Oral Loan Agreement Florida

Stephen J. Anderson and his brother Michael were the sole shareholders of Anderson Development Corporation, a Florida company.   Robert T. Mosher obtained a judgment against the group and attempted to fill Anderson`s pre-loan commitment to the group in order to comply with his judgment.   The fourth arrondissement sets out the relevant additional facts: the question is when the statute of limitations for an oral loan begins, which either does not contain repayment terms or is payable on request.   Section 95.11 (3) (k), Florida Statutes (2001), states that “legal or just actions on a contract, obligation or liability not based on a written instrument” are filed within four years.   Accordingly, everyone agrees that, in this case, an action in favour of the oral loan is subject to a statute of limitations of four years.   However, this is the date on which the statute of limitations begins. 2. In this case, the fourth arrondissement characterized the oral loan as “payable on demand” but also stated that the loan did not contain interest or repayment terms.

 Anderson, 758 So.2d to 1177.   While this distinction is not significant for today`s participation, I would refuse to characterize the oral loan as “payable on demand” since the loan is best considered not to be considered a means of payment.   See Fleming v. Burbach Radio, Inc., 377 So.2d 723, 724 (Fla. 4th DCA 1979).   However, according to the UCC, a written note payable on request or according to the holder`s wishes and a loan with no repayment terms are considered “payable on request.”   See 673.1081, Fla.
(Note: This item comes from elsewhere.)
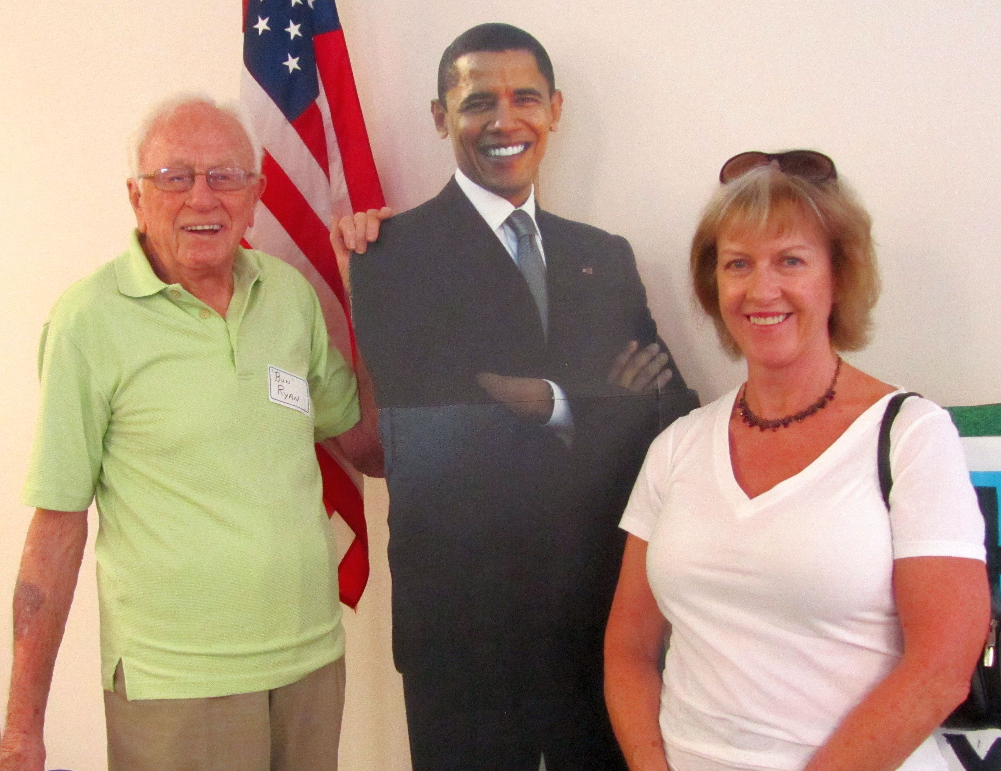 Los Alamos baseball legend Bun Ryan poses with a cardboard cutout of President Barack Obama and Maggie Charsley during Sunday’s grand opening event. The Democratic Party of Los Alamos County will now hold an open house noon-4 p.m. each Sunday at its new headquarters at 140 Central Park Square. The headquarters is now open Sunday through Friday noon to 8 p.m. and 10 a.m. to 6 p.m. Saturdays. Photo by Carol A. Clark/ladailyposttest.ortizaudio.net

Stat. (2001). I do not agree with respect.   I believe that the majority ignores both the legal and the common law when it concludes that there is a means of bringing an action in favour of an oral loan without conditions of repayment and that the statute of limitations begins on the date of the request for payment and not at the time of payment of the loan.   I also come to the conclusion that the political reasons of the majority are wrong.   That is why I would like to give the opinion of the fourth district court in Anderson/.